Materials and methods

Bacterial strains and cultivation

Four species of mesophilic iron/sulfur-oxidizing Acidi-thiobacillus spp. were used in experimental work. These were the type strains of At. ferrooxidans (Temple and Colmer 1951), At. ferridurans (Hedrich and Johnson 2013a) and At. ferriphilus (Falagán and Johnson 2016), and At. ferrivorans strain Peru 6 (Hallberg et al. 2010). All of these bacteria, except At. ferriphilus, can also use hydrogen as an electron donor. The type strains of the moderately thermophilic sulfur-oxidizer Acidithiobacillus caldus (Hallberg and Lindstrom 1994) and the mesophilic sulfur-oxidizer Acidithiobacillus thiooxidans (Waksman and Joffe 1921) were used in some experiments. All of the bacteria were routinely cultivated in media containing 1% (v/w) ZVS (VWR, UK), basal salts and trace elements (Ňancucheo et al. 2016) and 50 µM ferrous iron, adjusted initially to pH 2.5 with sulfuric acid, in shake flasks incubated at either 30 °C (mesophilic strains) or 40 °C (At. caldus). At. ferrooxidans, At. ferridurans and At. ferrivorans were also grown aerobically using hydrogen as electron donor, using the technique described by Hedrich and Johnson (2013b). In brief, this entailed placing inoculated flasks into an air-tight 2.5 L polycarbonate jar, together with a 20 mL universal bottle that contained 1.3 g of sodium bicarbonate, 300 mg sodium borohydride and 100 mg citric acid. Ten milliliters of water were added to the bottles immediately before sealing the jars, initiating the production of both hydrogen and carbon dioxide. The amount of oxygen present in the jars was calculated to be in excess of that required for complete microbial oxidation of hydrogen to water, ensuring that the atmosphere did not become anoxic during the incubation period.

Dissolution of MnO₂ in aerobic cultures of Acidithiobacillus spp. grown on ZVS or hydrogen

Duplicate cultures of At. ferrooxidans, At. ferridurans, At. thiooxidans and At. caldus, containing 1% ZVS and 0.5% (w/v) solid manganese dioxide (MnO₂, >99.99% pure; Sigma-Aldrich, USA) were incubated, shaken at 100 rpm, at either 30 °C or 40 °C, for up to 24 days. Samples were removed regularly to measure pH and redox potentials (as E_H values) and concentrations of soluble manganese.
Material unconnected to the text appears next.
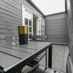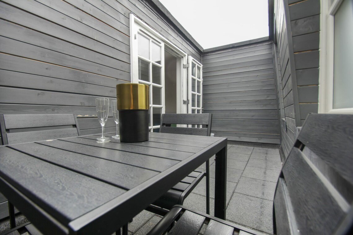 Double doors lead out onto a private terrace with a table and four chairs—an ideal spot for a chilled glass of bubbly, enjoying the fresh sea air, or catching up with friends before heading out.

Cultures of At. ferrooxidans and At. ferridurans in basal salts/trace elements medium (pH adjusted to 1.6) containing 0.1% MnO₂ were prepared and incubated aerobically under H₂/CO₂-enriched atmospheres (as above), together with non-inoculated controls. Again, samples were withdrawn periodically to measure pH and E_H values, concentrations of manganese, and also changes in culture optical densities (measured at 600 nm; the dense MnO₂ particles settled immediately once flasks had stopped shaking).

Dissolution of MnO₂ by At. ferrooxidans and At. ferridurans grown on hydrogen under anaerobic conditions, in the presence and absence of additional iron

At. ferrooxidans and At. ferridurans were grown on hydrogen as sole electron donor in sealed jars under H₂/CO₂-enhanced atmospheres, either with or without MnO₂ (0.25%, w/v). These were then used to inoculate cultures that were incubated under the same conditions, except that the oxygen present was removed by placing a sachet of activated carbon (AnaeroGen sachets; Oxoid, UK) in each jar. A second anaerobic experiment used a similar set up, though in this case the bacteria were first grown to high cell densities (∼10⁹ cells/mL) and iron (III) sulfate (5 mM, final concentration) was added to some of the cultures. Non-inoculated controls were prepared at the same time, and iron (II), rather than iron (III) sulfate, added to some of these. The sealed jars containing the cultures and controls were incubated at 30 °C, and samples analyzed periodically for pH and concentrations of iron (II) and soluble manganese.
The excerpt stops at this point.